Quick question about types...

Just a quick question about what would be (probably) the best way to solve this.

I have 3 arrays. They are all of the same type, but have different dimensions:

Code:

typedef bounds_array<int, 3, 1> PointsArrayEasy;
typedef bounds_array<int, 5, 1> PointsArrayNormal;
typedef bounds_array<int, 7, 1> PointsArrayHard;

And I have a simple function that returns a reference to the proper array depending on the "difficulty level":

Code:

PointsArray& GetReqPointsForLevelArray(Difficulty_e Difficulty)
{
	switch (Difficulty)
	{
		case Easy: return g_ReqPointsForLevel_Easy;
		case Normal: return g_ReqPointsForLevel_Normal;
		case Hard: return g_ReqPointsForLevel_Hard;
		default: assert(!"Invalid difficulty!"); return g_ReqPointsForLevel_Easy;
	}
}

Of course this will not work. Which type should I choose to return, since they are all considered different?
What would be a good way of solving such a problem?

Since Difficulty is a run-time parameter, I am guessing the correct type can only be deduced at runtime.
But then the question becomes on how to do that in a way that doesn't look like a C mess?

What is this bounds_array stuff, and do the numeric parameters have to be template arguments?

Wouldn't it be simpler to not have the size fixed to the type, i.e., to just use an ordinary vector? Or, you use a dynamic array whose size cannot change once it is created.

Originally Posted by anon

What is this bounds_array stuff, and do the numeric parameters have to be template arguments?

Forgot about that one.
It's a simply wrapper that enforces bounds. So, an array can start at 1 and end at 7. Syntactic sugar, if you will. It's a nice feature of VB(A).

Code:

template<typename T, int UpperBound, int LowerBound = 0> class bounds_array
{
	boost::array<T, UpperBound - LowerBound + 1> m_Array;
public:
	const T& operator [] (int Index) const
	{
		return GetIndex(Index);
	}
	T& operator [] (int Index)
	{
		const T& temp = GetIndex(Index);
		return const_cast<T&>(temp);
	}
private:
	const T& GetIndex(int Index) const
	{
		assert(Index >= LowerBound);
		assert(Index <= UpperBound);
		return m_Array[Index - LowerBound];
	}
};

Originally Posted by laserlight

Wouldn't it be simpler to not have the size fixed to the type, i.e., to just use an ordinary vector? Or, you use a dynamic array whose size cannot change once it is created.

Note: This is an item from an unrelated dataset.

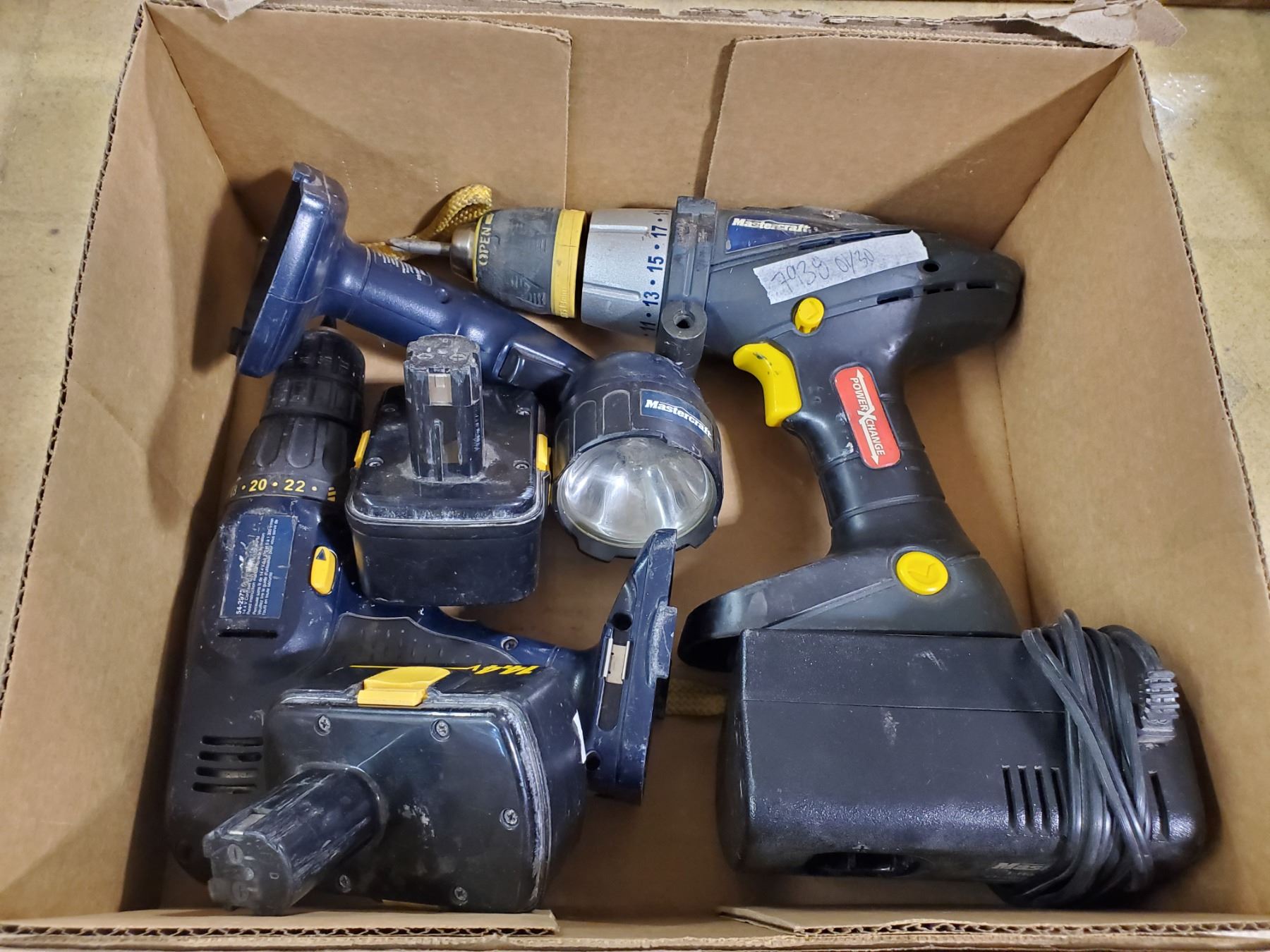 Craftsman 14.4 V drill, flashlight, charger (batteries dead) & 18 volt drill (no battery)

Perhaps. I'm just thinking of the fact that depending on the "difficulty", a different number of elements will be populated. And I wanted to, if possible, to keep the whole "bounds" concept, but I think I may toss it away if necessary.

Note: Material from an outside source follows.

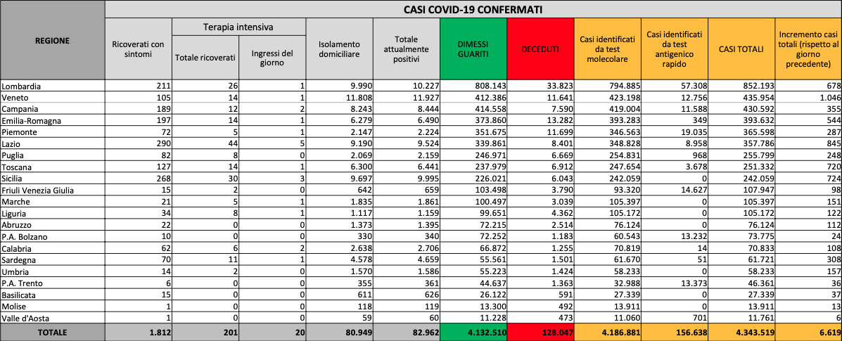 I nuovi positivi al coronavirus emersi nelle ultime 24 ore in Italia sono 6.619, 18 le vittime in un giorno. Il dato dal bollettino quotidiano del ministero della Salute. Il totale delle vittime per complicanze del contagio sono 128.047. Il tasso di positività è sostanzialmente stabile, al 2,67%, rispetto al 2,74% di ieri. La Fondazione Gimbe parla già di quarta ondata in corso in Italia: nell’ultima settimana c’è stato un incremento dei morti del 46% e dei contagi di quasi il 65%.

I think a vector might work, but... I wonder if it's possible to keep the bounds intact, as well? Only problem might be that those bounds would be checked at runtime and not compile time...

Perhaps I would need a runtime bounds array instead of a compile time one...

The bounds are checked at runtime anyway; that's what assert does. The only difference is that both operands are runtime values, instead of one being a compile-time value. Unless this value is 0, though, I don't see how that helps generating faster code. Not to mention that the check is there in debug mode only anyway, so faster code doesn't even matter.

So you do agree then, that the bounds should be moved from compile time to runtime and problem solved? It doesn't change much, after all.

Which type should I choose to return, since they are all considered different?

If you selectively return all three, which would you store?

So you do agree then, that the bounds should be moved from compile time to runtime and problem solved?

Or you could leave it a compile time value and employee polymorphism.

Soma

Originally Posted by phantomotap

If you selectively return all three, which would you store?

That is further a problem - I must be able to deduce the type on both ends.

Or you could leave it a compile time value and employee polymorphism.

Unfortunately, I have no idea how to achieve that.

Unfortunately, I have no idea how to achieve that.

It depends on what you want to do, when you want to do it, and when you can do it.

I suggest this sort of thing in real life because it has the added benefit of supporting compile-time and run-time polymorphism without otherwise affecting the types involved.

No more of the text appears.